**Work required:** Once you reach the line that holds "据乘联会最新数据显示,广汽本" in the listing below, output it and every line after it through the line that holds "The Alexa Sofa", word for word.

**Data in this exercise:**
# # #
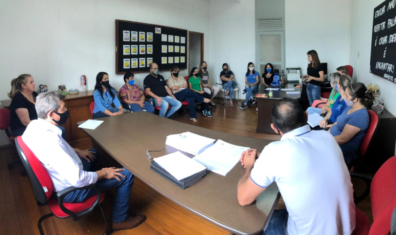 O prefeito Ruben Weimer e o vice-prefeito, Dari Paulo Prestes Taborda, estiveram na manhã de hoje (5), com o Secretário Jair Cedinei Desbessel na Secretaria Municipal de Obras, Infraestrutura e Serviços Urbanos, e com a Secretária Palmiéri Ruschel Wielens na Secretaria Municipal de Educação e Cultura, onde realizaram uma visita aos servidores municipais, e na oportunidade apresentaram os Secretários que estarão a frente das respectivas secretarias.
# # #
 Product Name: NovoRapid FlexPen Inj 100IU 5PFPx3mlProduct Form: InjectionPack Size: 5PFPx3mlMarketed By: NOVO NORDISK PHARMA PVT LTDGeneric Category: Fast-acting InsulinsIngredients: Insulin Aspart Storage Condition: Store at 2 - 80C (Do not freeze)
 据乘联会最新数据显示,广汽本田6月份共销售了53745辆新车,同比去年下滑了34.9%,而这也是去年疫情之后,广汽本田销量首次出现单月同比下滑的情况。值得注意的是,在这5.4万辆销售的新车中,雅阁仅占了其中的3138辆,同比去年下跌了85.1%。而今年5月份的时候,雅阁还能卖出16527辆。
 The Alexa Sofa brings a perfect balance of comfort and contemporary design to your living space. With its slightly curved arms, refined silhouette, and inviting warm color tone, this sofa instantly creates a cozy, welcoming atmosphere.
# # #
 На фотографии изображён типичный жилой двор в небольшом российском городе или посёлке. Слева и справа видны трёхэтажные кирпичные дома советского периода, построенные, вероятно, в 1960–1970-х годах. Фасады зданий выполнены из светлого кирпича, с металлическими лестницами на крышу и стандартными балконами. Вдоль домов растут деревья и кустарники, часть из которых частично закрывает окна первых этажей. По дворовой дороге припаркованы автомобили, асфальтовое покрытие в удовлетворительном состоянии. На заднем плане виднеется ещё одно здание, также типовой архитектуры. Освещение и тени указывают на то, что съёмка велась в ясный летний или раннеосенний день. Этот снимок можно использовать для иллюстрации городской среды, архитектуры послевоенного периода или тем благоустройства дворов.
# # #
**Response to the task:**
 据乘联会最新数据显示,广汽本田6月份共销售了53745辆新车,同比去年下滑了34.9%,而这也是去年疫情之后,广汽本田销量首次出现单月同比下滑的情况。值得注意的是,在这5.4万辆销售的新车中,雅阁仅占了其中的3138辆,同比去年下跌了85.1%。而今年5月份的时候,雅阁还能卖出16527辆。
 The Alexa Sofa brings a perfect balance of comfort and contemporary design to your living space. With its slightly curved arms, refined silhouette, and inviting warm color tone, this sofa instantly creates a cozy, welcoming atmosphere.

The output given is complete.